Using the guidance given in TFS Derivatives Ltd v Morgan it applied the blue pencil test that you can only strike out or sever parts of a contract provided you do not change the sense overall.
The case is interesting in that the court rejected the employee’s argument that low salary was a relevant factor in considering the reasonableness of the non-compete clause. Her new employer’s interview notes also revealed that she was aware of confidential information and was willing to reveal it. Consequently new employers are advised not to make/keep such notes.
The employee in question, Adair (A), worked as a sales manager and had access to confidential information of NL.
Her contract contained a number of post termination provisions including a non-compete and a non-solicitation of customers and leads.
A resigned to work for PL and NL sought to enforce the provisions against A and the new employer PL.
Importantly the court decided the non-compete clause as worded was too wide and unenforceable as a whole whilst the non-solicitation clause in contrast could be saved by applying the blue pencil test above.

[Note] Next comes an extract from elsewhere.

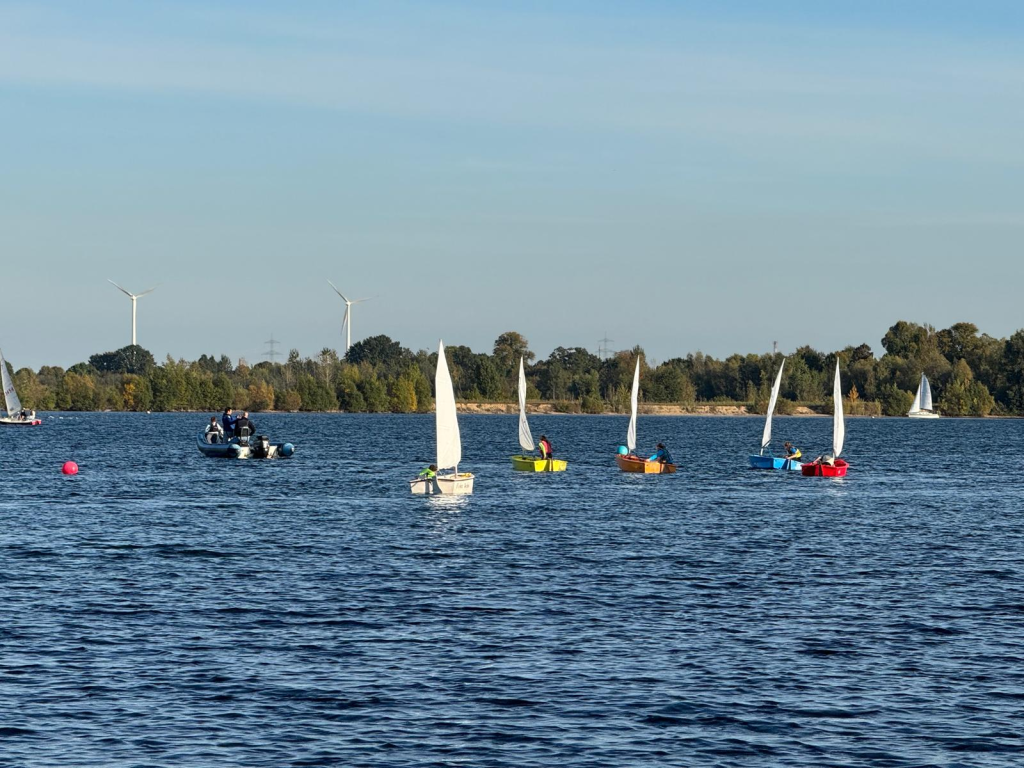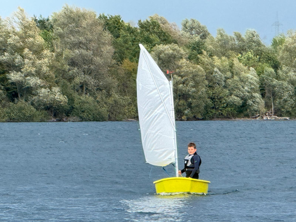 Nach den Sommerferien waren wir donnerstags nachmittags am Königshüttesee zum Segeln. Wir haben zusammen die Boote aufgebaut, noch weitere Theorie gelernt und gesegelt. Die dreieinhalb Stunden sind wie im Flug vergangen. Am Anfang war es schwer alles zu beachten. Schnell stand man mit dem Boot im Wind und kam nicht mehr voran. Aber das wurde schnell besser. Man merkte, dass es allen großen Spaß machte Segeln zu lernen. Zudem hat sich eine tolle Gemeinschaft entwickelt. Besonders aufregend waren die Kenter-Übungen. Dabei mussten wir auch lernen unter einem durchgekenterten Segelboot herauszutauchen.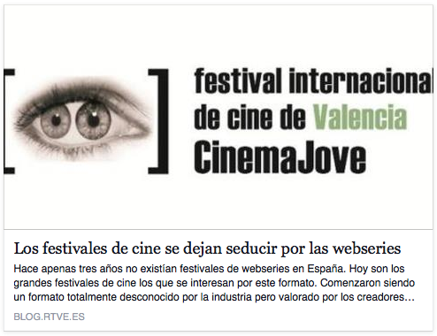 El Lablogatorio de RTVE publica este artículo sobre los festivales de cine que empiezan a interesarse por las webseries a raíz de la nueva sección de Cinema Jove que coordinamos María Albiñana y yo. El artículo puede leerse completo aquí.

Although the restrictive periods for both terms were deemed reasonable the wording of the former was too wide as A was “concerned” with a great number of the employer’s products which varied from the material to the tenuous so this was unreasonably wide as was the period of 5 years to which this clause applied as sales related information pertaining to the same had a much shorter shelf life.
With the second non-solicitation provision relating to A’s “direct access to or dealings with” it was held to be too uncertain and ambiguous as was the reference to “prospective customer” but here the blue pencil case saved the remainder of the clause which could then stand and “bite”.